Given information →
Segment Open

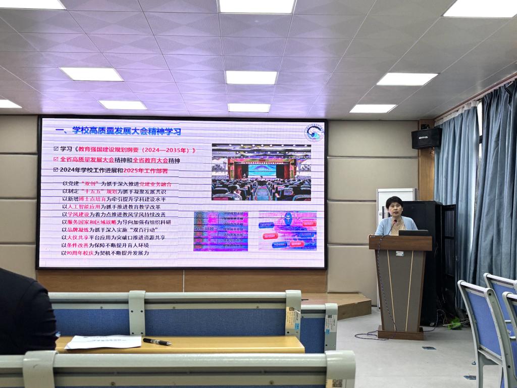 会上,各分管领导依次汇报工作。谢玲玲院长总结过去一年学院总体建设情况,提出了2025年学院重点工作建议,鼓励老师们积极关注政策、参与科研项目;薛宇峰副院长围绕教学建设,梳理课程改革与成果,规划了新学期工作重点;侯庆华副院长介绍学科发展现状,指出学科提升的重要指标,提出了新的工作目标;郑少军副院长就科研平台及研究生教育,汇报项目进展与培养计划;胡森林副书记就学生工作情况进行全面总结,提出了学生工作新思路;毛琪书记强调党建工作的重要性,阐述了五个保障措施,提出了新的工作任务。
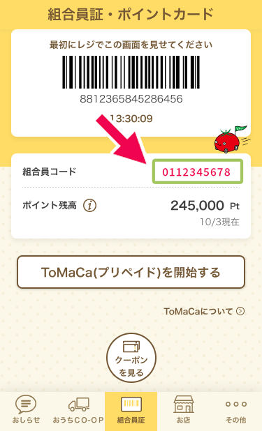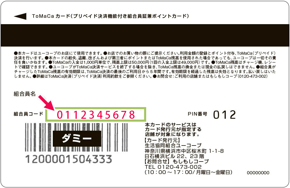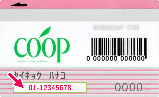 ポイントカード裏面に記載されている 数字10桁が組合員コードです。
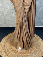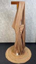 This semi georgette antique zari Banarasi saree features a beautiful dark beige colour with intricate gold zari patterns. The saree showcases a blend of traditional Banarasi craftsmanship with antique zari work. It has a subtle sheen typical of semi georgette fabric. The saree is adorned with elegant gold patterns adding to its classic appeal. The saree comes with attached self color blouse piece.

Segment Closed

Exercise prompt →
Take the lines of the material above from the first through the one containing "ポイントカード裏面に記載されている 数字10桁が組合員コードです。", both included, and print them exactly without the pictures.

Solution for this exercise →
 会上,各分管领导依次汇报工作。谢玲玲院长总结过去一年学院总体建设情况,提出了2025年学院重点工作建议,鼓励老师们积极关注政策、参与科研项目;薛宇峰副院长围绕教学建设,梳理课程改革与成果,规划了新学期工作重点;侯庆华副院长介绍学科发展现状,指出学科提升的重要指标,提出了新的工作目标;郑少军副院长就科研平台及研究生教育,汇报项目进展与培养计划;胡森林副书记就学生工作情况进行全面总结,提出了学生工作新思路;毛琪书记强调党建工作的重要性,阐述了五个保障措施,提出了新的工作任务。
 ポイントカード裏面に記載されている 数字10桁が組合員コードです。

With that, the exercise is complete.